#### Input data:
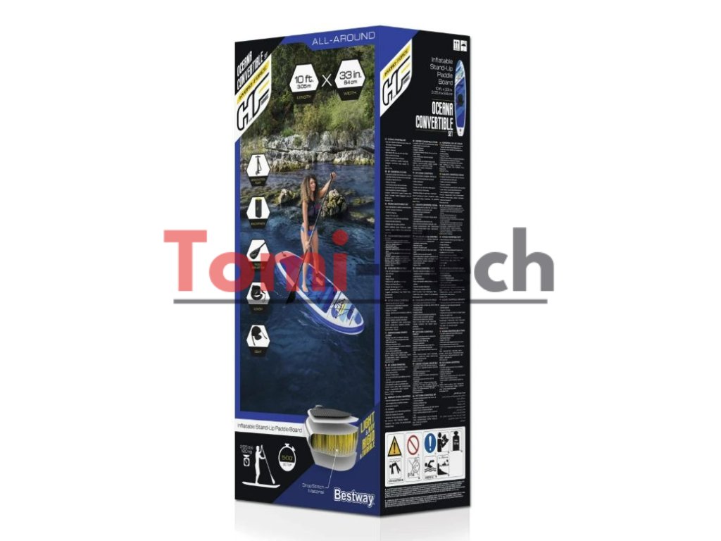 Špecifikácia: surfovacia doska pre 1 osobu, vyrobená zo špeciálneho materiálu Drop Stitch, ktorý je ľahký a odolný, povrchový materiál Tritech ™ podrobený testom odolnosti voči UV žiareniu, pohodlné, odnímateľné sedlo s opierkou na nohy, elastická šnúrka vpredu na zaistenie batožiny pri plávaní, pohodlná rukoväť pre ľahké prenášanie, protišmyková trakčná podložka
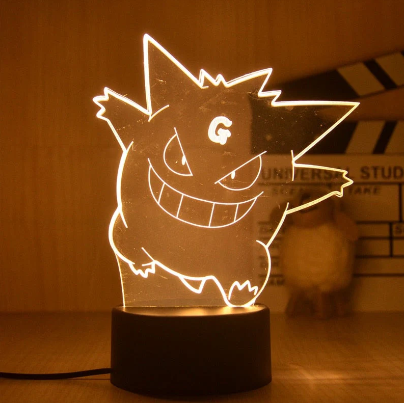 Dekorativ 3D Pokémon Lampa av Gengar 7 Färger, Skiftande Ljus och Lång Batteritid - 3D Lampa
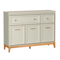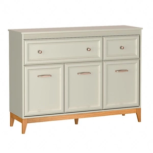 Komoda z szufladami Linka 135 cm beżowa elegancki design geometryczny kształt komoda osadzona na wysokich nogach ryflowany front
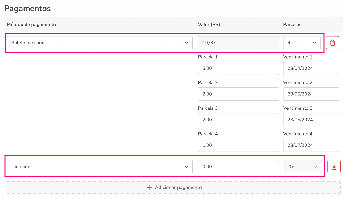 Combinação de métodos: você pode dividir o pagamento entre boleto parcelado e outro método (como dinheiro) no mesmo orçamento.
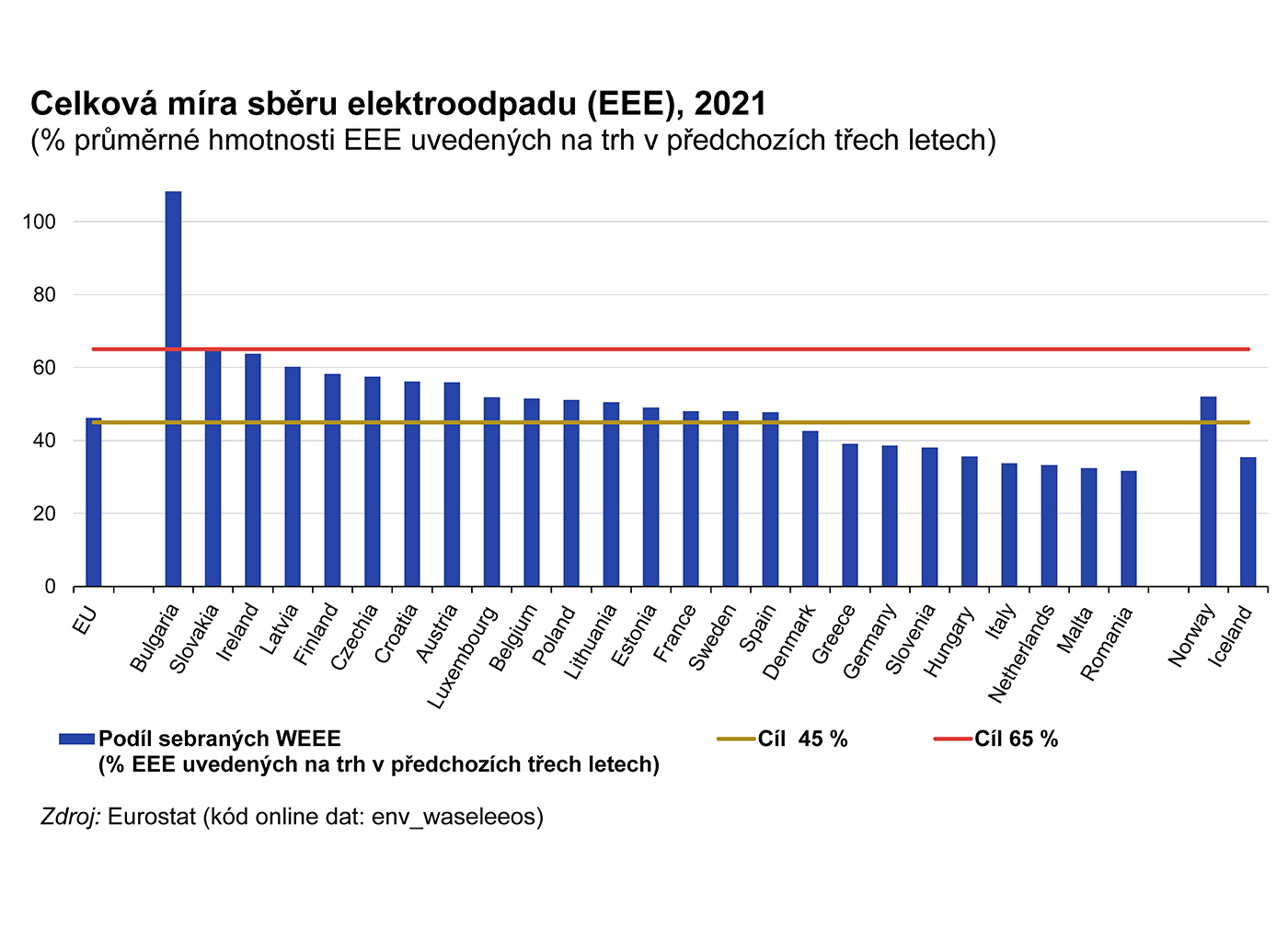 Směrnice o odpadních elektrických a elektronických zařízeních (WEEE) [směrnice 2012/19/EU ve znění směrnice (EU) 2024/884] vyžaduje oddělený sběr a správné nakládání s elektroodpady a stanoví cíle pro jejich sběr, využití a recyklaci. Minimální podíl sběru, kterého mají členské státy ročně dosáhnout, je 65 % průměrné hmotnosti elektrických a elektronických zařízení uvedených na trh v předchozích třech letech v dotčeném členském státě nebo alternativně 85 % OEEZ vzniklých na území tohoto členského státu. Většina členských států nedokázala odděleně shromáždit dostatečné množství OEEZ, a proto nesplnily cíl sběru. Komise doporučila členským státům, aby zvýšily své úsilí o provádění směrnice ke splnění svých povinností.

#### Description of the task:
Copy the whole of the material above exactly, but not its images.

#### Task response:
 Špecifikácia: surfovacia doska pre 1 osobu, vyrobená zo špeciálneho materiálu Drop Stitch, ktorý je ľahký a odolný, povrchový materiál Tritech ™ podrobený testom odolnosti voči UV žiareniu, pohodlné, odnímateľné sedlo s opierkou na nohy, elastická šnúrka vpredu na zaistenie batožiny pri plávaní, pohodlná rukoväť pre ľahké prenášanie, protišmyková trakčná podložka
 Dekorativ 3D Pokémon Lampa av Gengar 7 Färger, Skiftande Ljus och Lång Batteritid - 3D Lampa
 Komoda z szufladami Linka 135 cm beżowa elegancki design geometryczny kształt komoda osadzona na wysokich nogach ryflowany front
 Combinação de métodos: você pode dividir o pagamento entre boleto parcelado e outro método (como dinheiro) no mesmo orçamento.
 Směrnice o odpadních elektrických a elektronických zařízeních (WEEE) [směrnice 2012/19/EU ve znění směrnice (EU) 2024/884] vyžaduje oddělený sběr a správné nakládání s elektroodpady a stanoví cíle pro jejich sběr, využití a recyklaci. Minimální podíl sběru, kterého mají členské státy ročně dosáhnout, je 65 % průměrné hmotnosti elektrických a elektronických zařízení uvedených na trh v předchozích třech letech v dotčeném členském státě nebo alternativně 85 % OEEZ vzniklých na území tohoto členského státu. Většina členských států nedokázala odděleně shromáždit dostatečné množství OEEZ, a proto nesplnily cíl sběru. Komise doporučila členským státům, aby zvýšily své úsilí o provádění směrnice ke splnění svých povinností.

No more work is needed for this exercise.